After you have solved monitoring the foundational things then you need to solve being able to understand the systems at a deeper level. At this point you can act and triage with highly contextual information about the system.

Listen in around 16:00 to catch more of their technical discussion around this topic, including Rob’s explanation about why complexity is getting harder – it’s because you’re tracking more things! “Fundamentally, you’re just adding dimensions to a lot of these metrics, whether it’s because you have a more complex product or because your infrastructure is more complex. And then it really comes down to, ‘How do you deal with that level of complexity and scale of the monitoring data?’”

High cardinality and high-dimension monitoring defined

RB: What do you mean by “high cardinality and high-dimension monitoring” and how does that relate to scale?

RS: As you scale up a complex system or an engineering team, it starts to look like a bowl of spaghetti from the outside. You can’t really see what’s going on. A lot of people start with reading the code, but at a certain level – even with three or four engineers or developers – you can reach a point where that’s inefficient. And when you’re encountering a failure in a system, the last thing you want to do is go read the code.

There may be something going wrong in your stack, but the alert you receive may not be giving you:

  • Details about which version it’s running.
  • Exactly which endpoint is impacted, in what region, and the sub-population of end users experiencing a problem.
  • Where the problematic code is isolated to in terms of service, component, or datastore.

 

Listen in around 22:00 to hear more of their technical discussion around this topic, including Rob’s explanation, “You want to mitigate the problem first by orienting around what’s going wrong, using as much contextual information as possible. This is only possible with high-dimensional metrics, which is really about giving you those signals at higher and higher levels of granularity. This means when you do trigger an alert, it’s not just telling you that you’ve got a spike in error – it’s indicating:

  • You’ve got a spike in error rate that is isolated to a subset of traffic that all share the same properties.
  • There’s a specific HTTP endpoint that’s exhibiting the problem.
  • It’s only happening with the new version of the code you rolled out in a single region for a subpopulation of the end users using a specific client application version.

300,000 time series: High cardinality by the numbers

RB: If we’re going to be talking about high cardinality, could you give us some orders of magnitude in an organization, like an Uber or a Netflix? What are we looking at for how many unique time series – how many distinct values – are there? Give us some concrete numbers.

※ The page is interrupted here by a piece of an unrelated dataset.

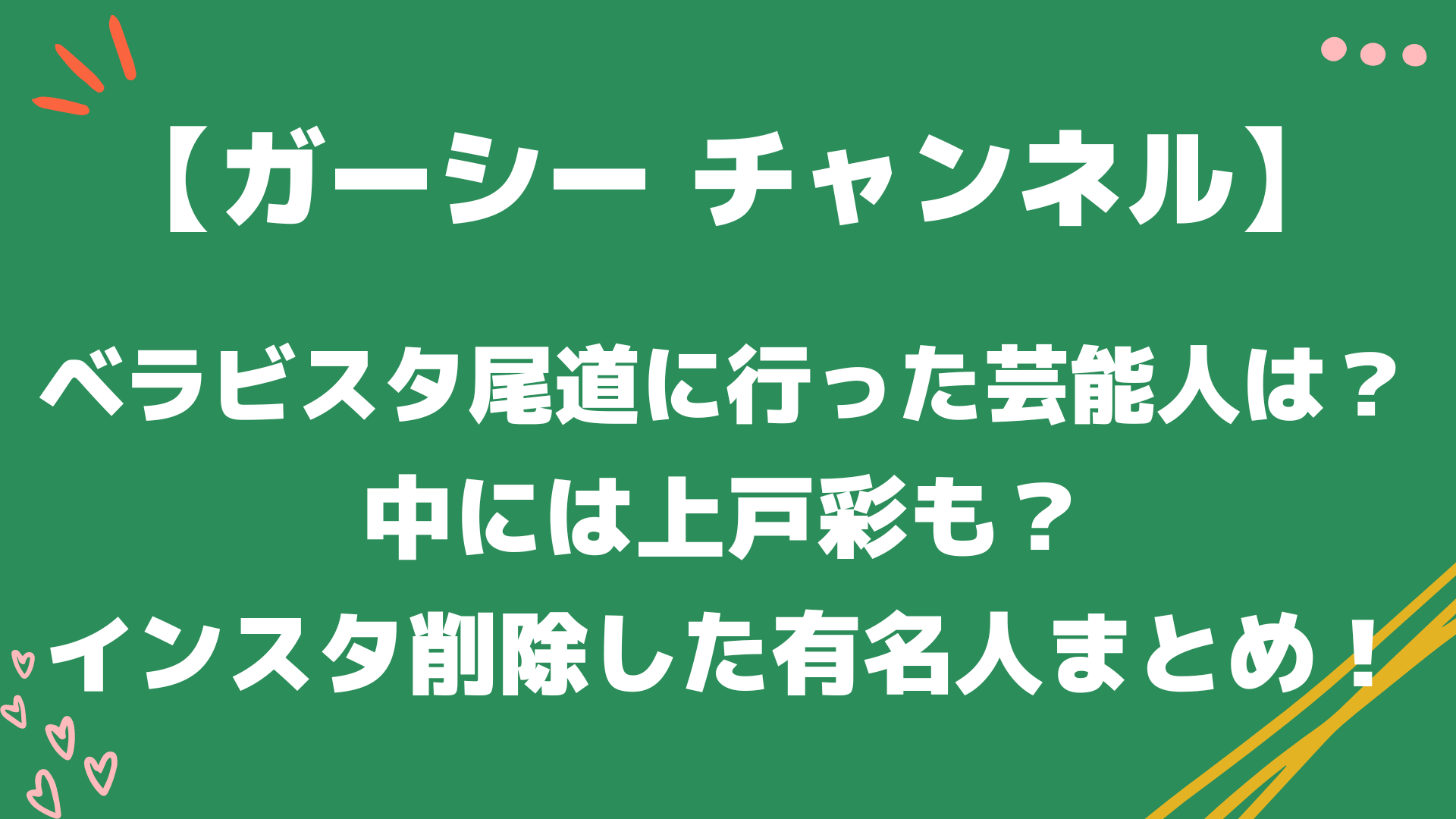 今回は「ベラビスタ尾道に行った芸能人には上戸彩も!インスタ削除した有名人についてまとめてみた!」と題していかについてまとめています。

RS: In one example, we may have five status codes that are important to you. And then, say, you’re monitoring 100 endpoints. And then, say, your product, or system, behaves differently, depending on where the user is – maybe you operate in 100 different markets or demographics. Then maybe you run your backend in 10 different cloud regions with 3 different active versions rolled out, depending on whether it’s a production environment or canary/staging environment. We’re talking about 300,000 time series. If you want to monitor anything else, like a user client agent – whether it’s Chrome or Safari, or whether it’s iOS or Android on mobile – that’s going to multiply by 300,000 again.

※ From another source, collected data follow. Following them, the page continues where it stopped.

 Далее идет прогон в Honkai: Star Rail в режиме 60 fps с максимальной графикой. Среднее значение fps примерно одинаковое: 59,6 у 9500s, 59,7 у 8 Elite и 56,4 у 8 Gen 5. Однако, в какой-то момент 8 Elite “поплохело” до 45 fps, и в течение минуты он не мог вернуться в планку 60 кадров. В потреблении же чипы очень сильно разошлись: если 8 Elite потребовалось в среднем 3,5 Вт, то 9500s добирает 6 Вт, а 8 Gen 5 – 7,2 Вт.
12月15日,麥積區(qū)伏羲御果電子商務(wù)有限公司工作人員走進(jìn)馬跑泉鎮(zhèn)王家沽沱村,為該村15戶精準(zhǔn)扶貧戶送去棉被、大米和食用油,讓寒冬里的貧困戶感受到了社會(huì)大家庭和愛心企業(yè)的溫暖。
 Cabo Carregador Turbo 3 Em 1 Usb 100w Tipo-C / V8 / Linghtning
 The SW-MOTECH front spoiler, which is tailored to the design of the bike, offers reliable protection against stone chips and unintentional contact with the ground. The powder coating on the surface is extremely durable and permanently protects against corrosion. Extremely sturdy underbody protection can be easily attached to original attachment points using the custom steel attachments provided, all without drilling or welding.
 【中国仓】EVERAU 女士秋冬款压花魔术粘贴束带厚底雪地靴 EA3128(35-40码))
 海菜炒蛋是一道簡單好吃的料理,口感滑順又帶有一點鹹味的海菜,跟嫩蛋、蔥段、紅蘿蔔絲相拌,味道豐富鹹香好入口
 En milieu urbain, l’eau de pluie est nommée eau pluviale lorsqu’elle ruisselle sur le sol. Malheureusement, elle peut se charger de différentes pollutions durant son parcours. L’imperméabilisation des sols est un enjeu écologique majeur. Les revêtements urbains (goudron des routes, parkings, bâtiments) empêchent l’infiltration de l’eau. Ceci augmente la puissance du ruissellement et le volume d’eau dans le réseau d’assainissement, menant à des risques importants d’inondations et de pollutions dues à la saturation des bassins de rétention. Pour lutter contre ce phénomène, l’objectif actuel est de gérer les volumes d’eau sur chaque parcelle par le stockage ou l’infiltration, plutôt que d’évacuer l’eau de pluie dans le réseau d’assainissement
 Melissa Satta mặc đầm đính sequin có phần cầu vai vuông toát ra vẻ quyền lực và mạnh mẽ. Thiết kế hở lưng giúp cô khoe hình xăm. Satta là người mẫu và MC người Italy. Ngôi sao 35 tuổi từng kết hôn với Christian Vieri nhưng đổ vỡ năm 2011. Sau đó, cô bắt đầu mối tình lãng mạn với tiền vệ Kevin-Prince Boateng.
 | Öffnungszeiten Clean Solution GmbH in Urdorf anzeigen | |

Listen in around 31:00 to catch more of their technical discussion around this topic, including Rob’s advice about how to use groupings to collapse dimensions, and when it makes sense to do that. 

After dissecting today’s monitoring challenges, Rob and Robert rounded off their chat by discussing how Chronosophere’s observability solution is built for a high-cardinality world, and why it is the best solution for monitoring and alerting at scale.